Laibele dies of tuberculosis in the ghetto. Riva, Motele, and Moshiele are rounded up with the other remaining Jews in the ghetto including Riva's good friend Karola. They are pushed into cattle cars and taken to the death camp Auschwitz. Riva and her brothers are separated at the gates. That was the last time Riva had ever seen her brothers. After only a week Riva escapes death by be transported to another camp, a labor camp. At the labor camp she keeps up her will to live by the means of poetry and friends. One day Riva cuts her hand at work on a bucket. Soon to her horror she finds out that she has blood poisning! By some miracle she receives permission to be admitted the a German Hospital. The poison stops spreading soon after and operation. Riva is soon deported with Karola and Tola, to a new labor camp. There she is liberated by a group of Russian soldiers who say that they are the first Jews they have found alive after liberating several concentration camps.

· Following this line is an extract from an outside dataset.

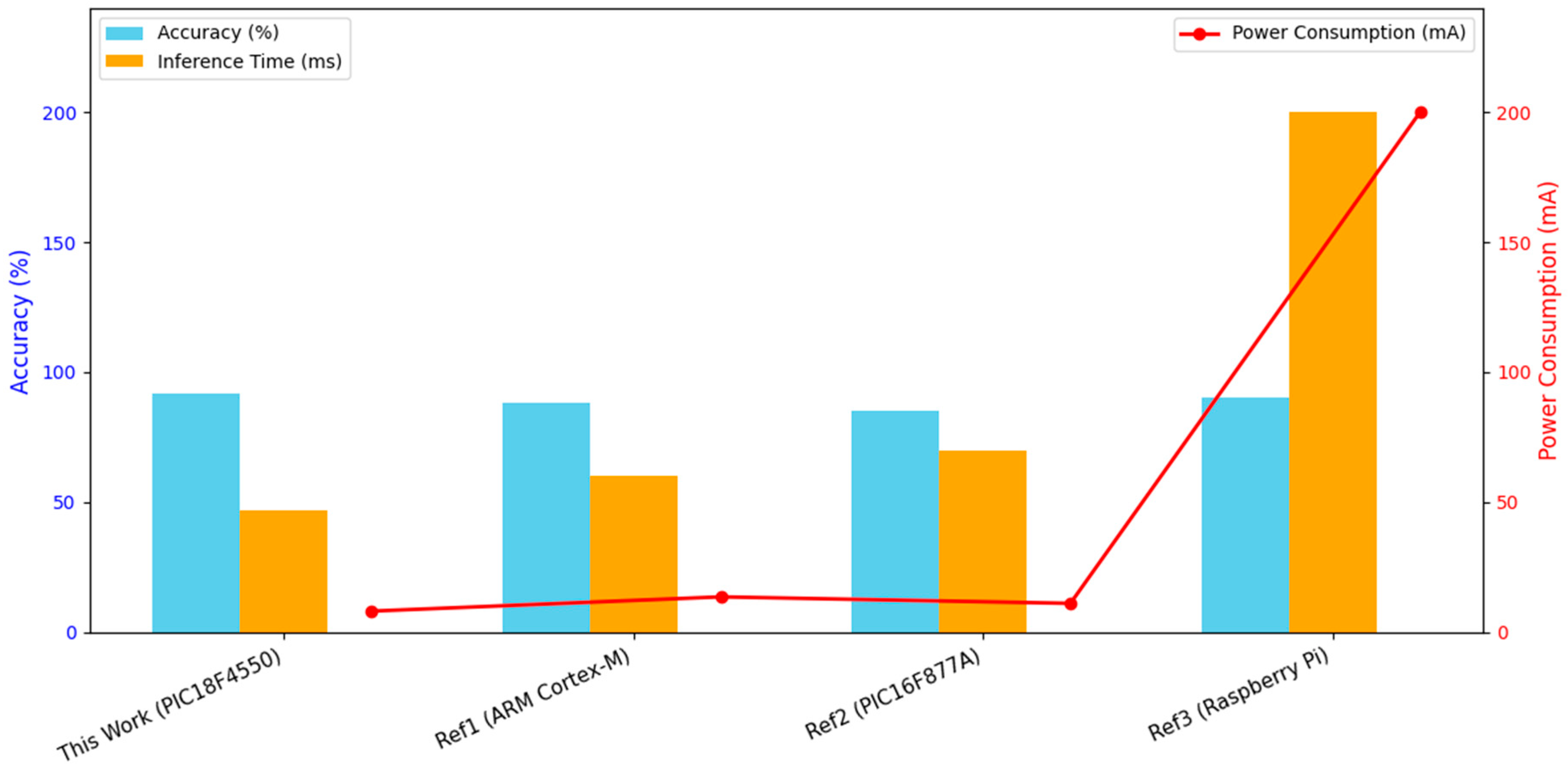 Additionally, the fixed-point implementation of the neural network further reduces energy consumption by avoiding floating-point operations, which are more demanding in embedded systems. The results demonstrate that the proposed system achieves a significantly lower power consumption (~8 mA) compared with ARM Cortex-M (12–15 mA) and Raspberry Pi-based systems (>200 mA), confirming the suitability of the design for low-power, real-time embedded applications.

After liberation Riva, Karola, Hela, and Bela leave the camp in hope of joining the Russian slave laborers returning home. After a night spent in a barn they are discovered by a group of young Russian Soldiers. The soldiers give them food, shelter, and some compassion. However at the end of the long day they tell the girls to come to bed with them.

The girls leave the house and continue on their way. Along the way they met others who have been freed from the concentration camps. Names and adresses are exchanged as the girls now make their way to Lodz, Poland.

At last Riva and her friends reach their destination. Riva and Karola separate for Hela and Bela and make their way to the street on which they both lived. With hope in her heart Riva knocks at the door of her former home, only to find thst her home like many other Jewish homes have been given to the Poles. Riva is horrified to learn that the woman who now occupies her house has thrown out all of Riva's pictures and writings of and about her family. As well as the secret library cherished by many in ghetto.

Riva and Karola flee Lodz together when they find that the Polish A.K is now killing the Jewish survivors of the camps. They stay in an abandoned apartment with other survivors. That is where Riva first meets Moniek Senderowicz. Five weeks after they meet Moniek and Riva are married. A while later, to their great joy it is discovered that Riva is pregnant.

Riva and Moniek find a smuggler to take them to Germany, where the displaced persons camp is. After a struggle to bid with the smuggler they arrive safely to their destination.

In the displaced persons camp accompanied by a kind and compassionate midwife named Cima, Riva gives birth to a healthy miracle, her first son named Laibele after Moniek's father. A while later Riva is expecting another baby. Also born in a displaced persons camp was Riva's second miracle, another healthy boy names after her father Avromele.

Also while in the displaced persons camp Riva is joyfully reunited with her brother and two sisters (Mala, Chanele, and Yankele). Riva joyfully learns that she has become an aunt to little Abramek, Mala's six year old son. But joy becomes pain when she learns that her uncles and aunts in Russia did not survive and Mala's first husband Laibish has been killed on the Russian front.

After having to pass through many agonizing medical tests Riva, Moniek, Laibele, and Avromele receive permission to emigrate to America. On board the ship Riva is greatly affected by sea sickness and is brought back to her past as Moniek slips and orange into her mouth. She remembers her brothers and the tangerine in the ghetto.

In America Riva must learn many new and alien like customs. But she also has two more children, Chaim, and Nachele.